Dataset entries
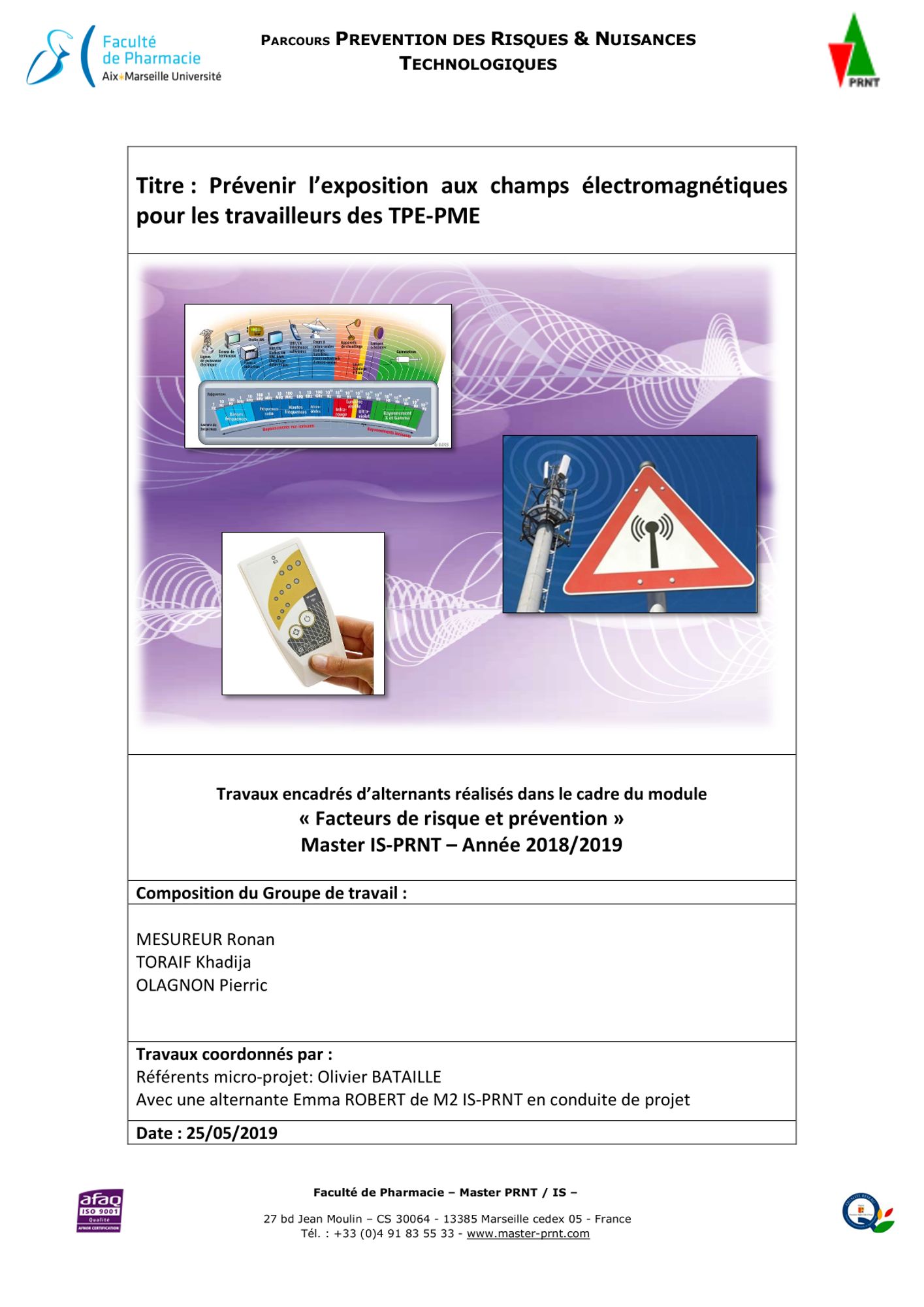 Le développement technologique des dernières décennies a incité l’Homme à mener de nombreuses études sur son exposition aux champs électromagnétiques (CEM). Malgré de nombreuses controverses beaucoup d’entre elles concluent à une possible dangerosité, bien que les effets à long terme soient encore mal connus. Dans une optique de prévention il est nécessaire que chaque travailleur ait connaissances de ces risques.
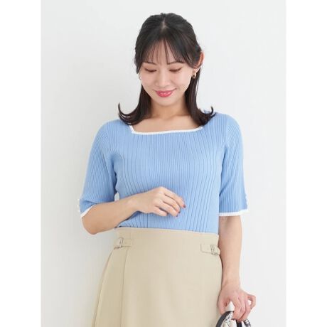 スクエアネックが首元をすっきりと見せてくれる大人のキレイめトップス
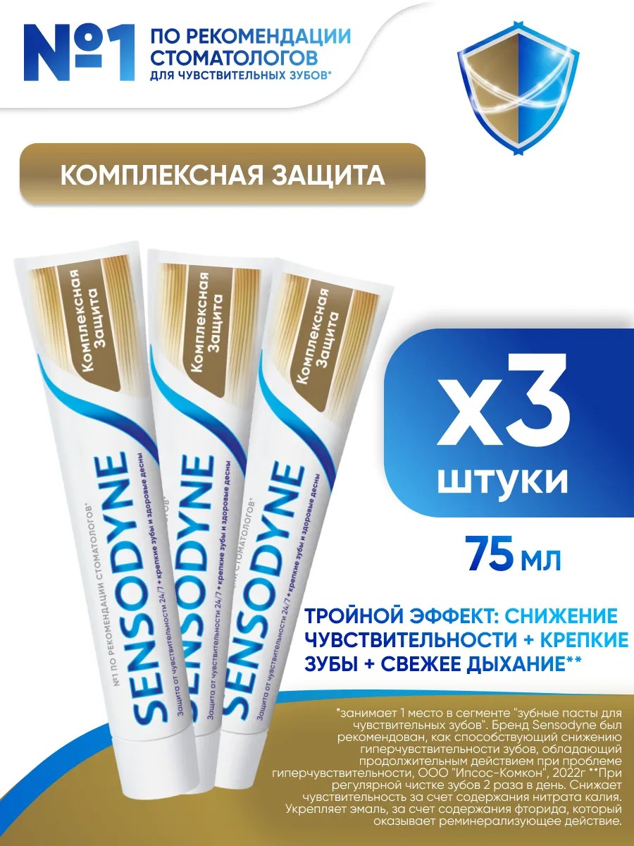 Sensodyne Зубная паста Комплексная защита 75 мл 3 шт
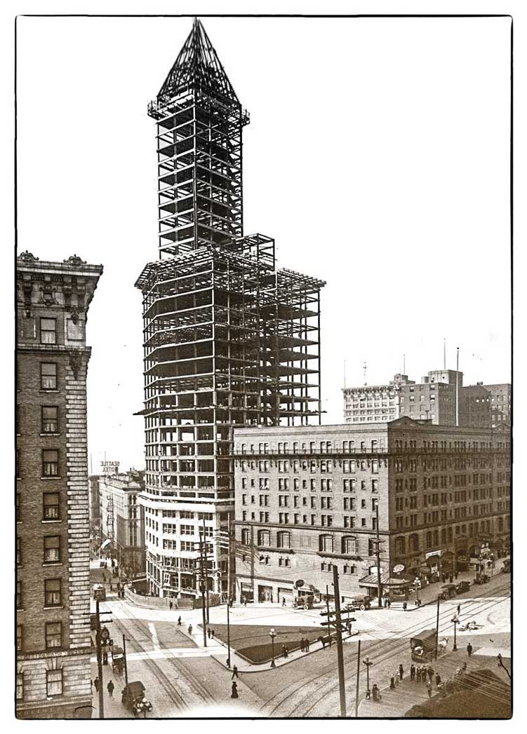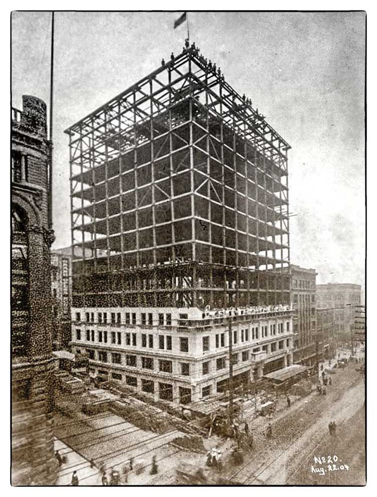 In 1904, the Alaska Building at 2nd and Cherry opened. This was the first Seattle high-rise at fourteen stories tall. Today, this building still stands and is a high-end hotel. We think one could assume that some Local 217 wiremen worked on that early building in the sky.
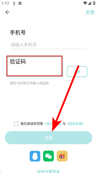 4、將收到的驗證碼填入驗證碼框,勾選相關(guān)協(xié)議后,點擊注冊完成賬號注冊。
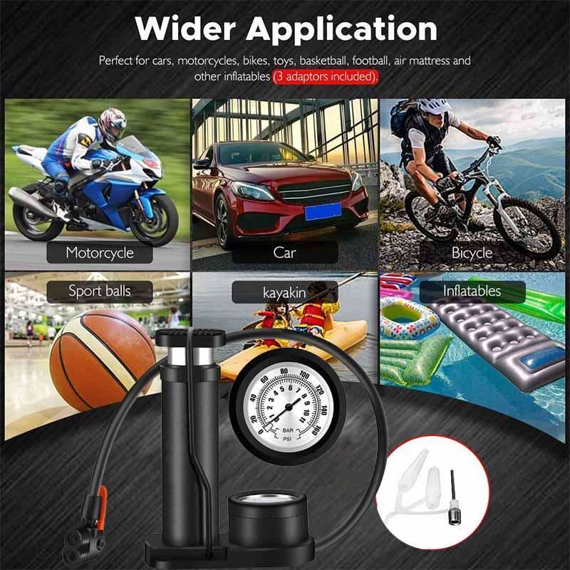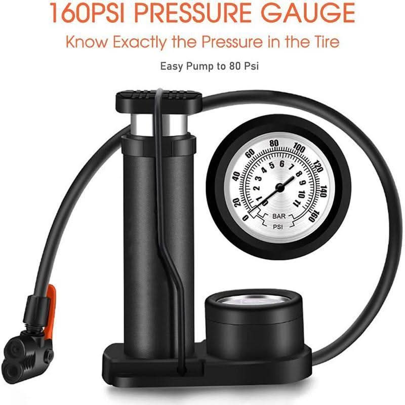 160 PSI portable bike pump with accurate pressure gauge and smart valves, air pump for bikes, motorcycles, cars, balls, and other inflatable products.

> [Description of the task]:
Beginning with the line that contains "4、將收到的驗證碼填入驗證碼" and ending with the last line of the entries above, repeat each line exactly, but not the pictures.

> [Worked solution]:
 4、將收到的驗證碼填入驗證碼框,勾選相關(guān)協(xié)議后,點擊注冊完成賬號注冊。
 160 PSI portable bike pump with accurate pressure gauge and smart valves, air pump for bikes, motorcycles, cars, balls, and other inflatable products.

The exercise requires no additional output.